Vol. 1 No. 3 …French Laundry update; Wine ‘Investment’ Clubs

According to the Napa Valley Register and other sources, most of the wine stolen from the French Laundry on Christmas Day was recovered in…of all places…Greensboro, North Carolina? Don’t have the details on how, or why it was there, OR how they located it. Those of you who have had property stolen know the frustration of having the property held pending trial – which in this case may or may not occur since they have no suspects in custody, or even identified. So where is the wine now? In the ‘safest’ place the authorities could find: the French Laundry’s OWN wine cellar. Wait…wasn’t that where it was stolen from? Worse, they cannot sell it until the investigation is complete. (Why does the evidence have to be held when there are so many ways of authenticating evidence today…and it is not ‘unknown’ for evidence to disappear even while in police custody (aren’t you shocked?)

Unanswered:

First and foremost: was the wine damaged? How was it cared for after the theft and AFTER the police recovered it? Would you buy the wine if you were dining there? Not TB, no way! Keller most likely would have done better had he been able to collect the insurance and buy more wine like it!

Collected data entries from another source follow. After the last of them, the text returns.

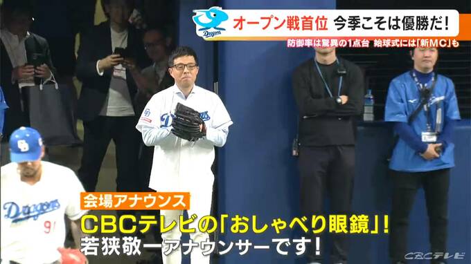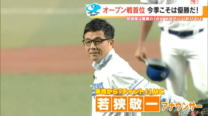 4月から「チャント!」のMCを務める“おしゃべり眼鏡”こと若狭敬一アナウンサー。立浪監督も見守る中、注目のピッチングは。
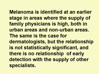 | Source: Roetzheim RG, Pal N, Van Durme DJ, Wathington D, Ferrante JM, Gonzalez EC et al. Increasing supplies of dermatologists and family physicians are associated with earlier stage of melanoma detection. J Am Acad Dermatol 2000; 43(2 Pt 1):211-218. |
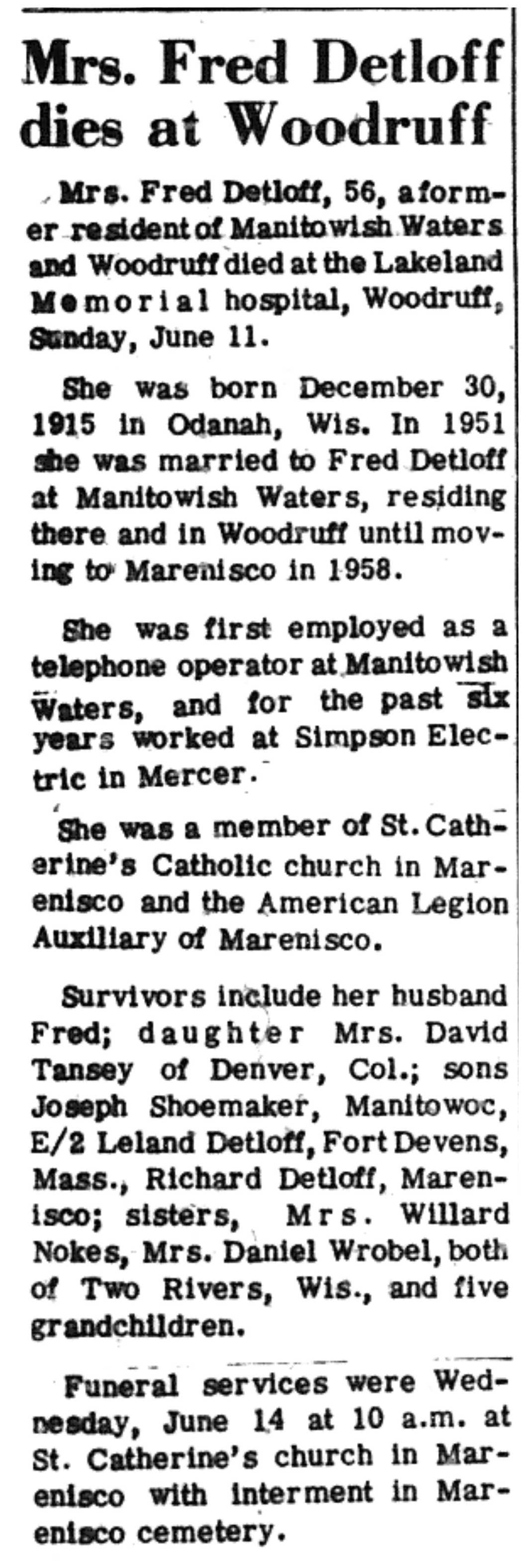 | Detloff | Fred, Mrs | 30 Dec 1915 | 11 Jun 1972 | VCN | 15 Jun 1972 | 7 |
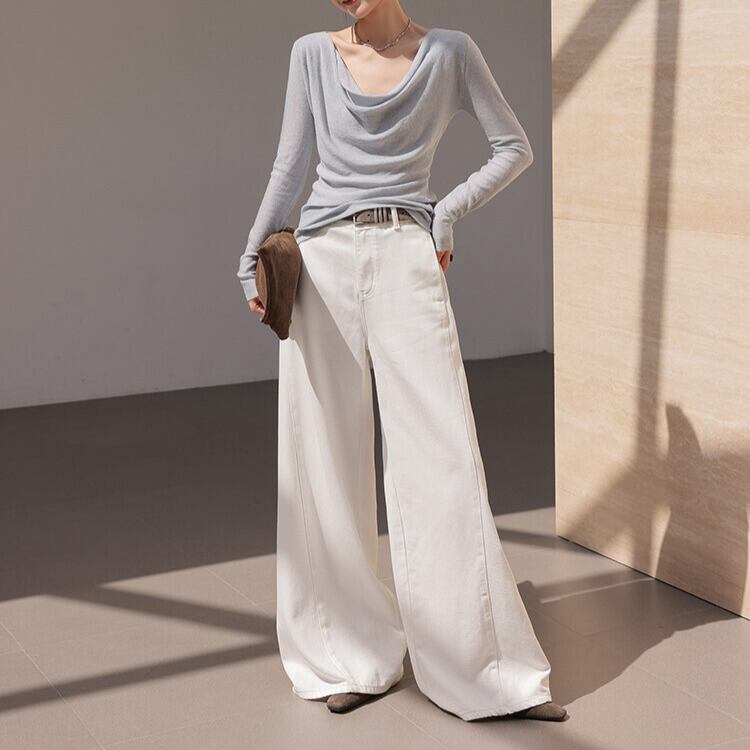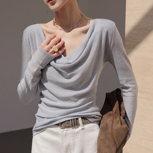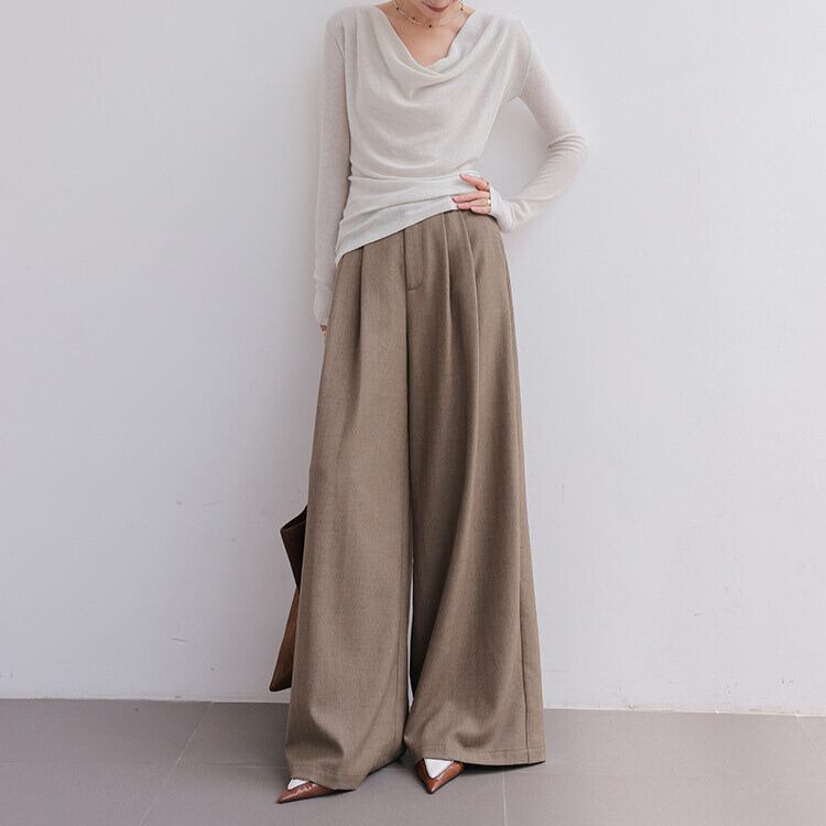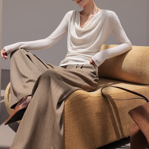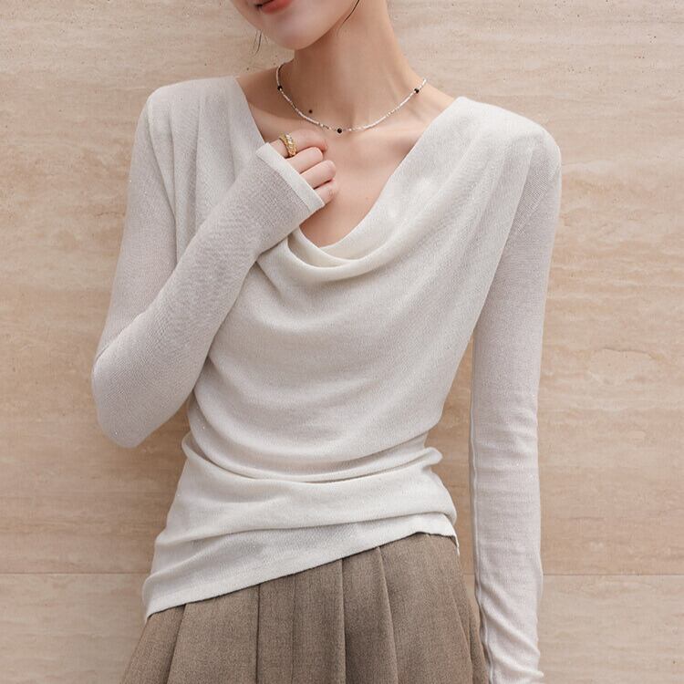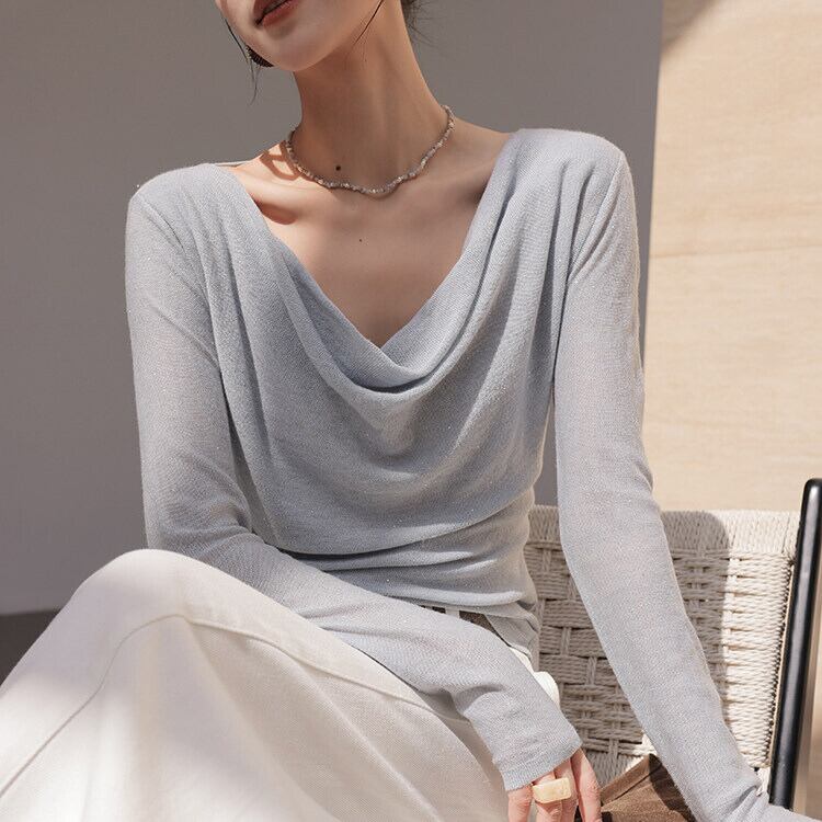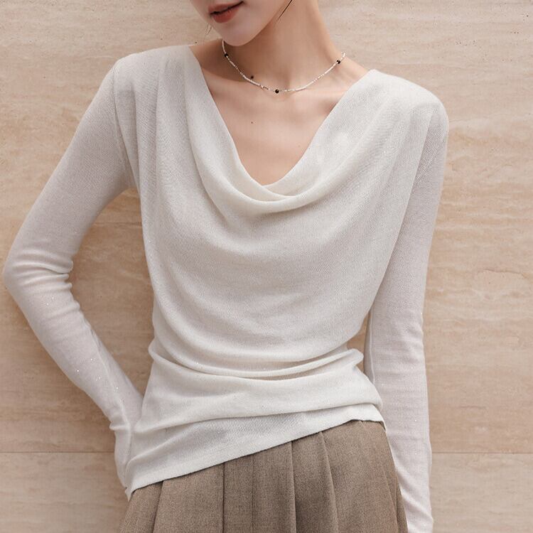 デコルテを美しく見せるドレープネックのデザインが、女性らしさを引き立てます。

Next item on the agenda: According to the January 23, 2015 issue of Financial Advisor magazine, “more than half a dozen firms peddling wine investments, in the U.K. alone went belly up last year. “Why have there been so many flops?” There are lots of reasons…the article cites one fund, The Wine Trust, in the U.S., where investors put their money for eight years, but here’s the rub (at least to TB): they have $15-20 million in assets. When something goes wrong what can they do? Sell? To whom?

Another fund, Belgium-based, had wine assets worth 102 million Euros ($115 million in today’s market – $125 million according to the article which illustrates yet another risk: currency – at the end of 2012, then someone questioned their valuation methods! Like a fire in a theater, investors headed for that small ‘doorway’, and the fund could not meet ‘net redemptions’ (a not uncommon problem of any mutual fund – stocks, bonds, options, etc.

Besides ‘questionable’ appraisal methods (remember they use last price at auction…and there could be just one fool…or there could be trading among several holders…it happens in small stocks…and especially penny stocks, so why not wine? This is not to imply that the fund managers are dishonest (talking about wine), but they wouldn’t know why the price was being bid up if the ‘group’ consisted of several high-profile members.

Why would they do that? Why would a known billionaire and expert on wine have created counterfeit bottles and attested to their authenticity? Why did Cruse, a famous French wine negociant (not to be confused with a California firm with the same name), would risk, and eventually destroy the firm’s long-established¬† reputation by bottling cheaper wine as Pouilly-Fuisse? They were eventually charged, convicted and heavily fined. There have been several scandals, the worst being when methanol was put in Italian wine, killing six and injuring at least 30. The point is that wine prices are especially susceptible to scandal. To TB it is like people who don’t trust the U.S. Dollar, so they are investing in Bitcoins!

Back to investment clubs and the FA article. They discuss a 2009 bottle of Chateau Smith Haut Lafitte which rose by 143 percent between June 2010 and December of the same year! Meanwhile, French first-growth wines rose by 345 percent between 2005 and 2011 before falling 41 percent through November 2014. Let TB clarify this for you: that 41% decline is off the 345% which would reduce the gain to 203% – which means you had better have gotten in very early! Conversely, to get back to the high would require a 70% increase (something even stock investors fail to understand!).

But the real catalyst for price escalation was the Chinese, who shifted their attention from first growth Bordeaux to premier cru Burgundy, causing a reversal of fortune. Worse yet, the Chinese government cracked down on bribes of public officials (TB is SHOCKED), thus slashing demand. Recall TB’s comments in the first blog, citing Red Obsession, which stated that all of the great wine would be bought by the Chinese? TB’s response was: the same was said in 1988 – the year before the Japanese economy imploded and hasn’t recovered since then. Even diamonds aren’t forever, right Mr. Bond?

So TB will close with the same advice that he began this blog with: drink what you like, and buy what you like…not what some industry-anointed expert says you should…you will be happier and you will have more money in your pocket.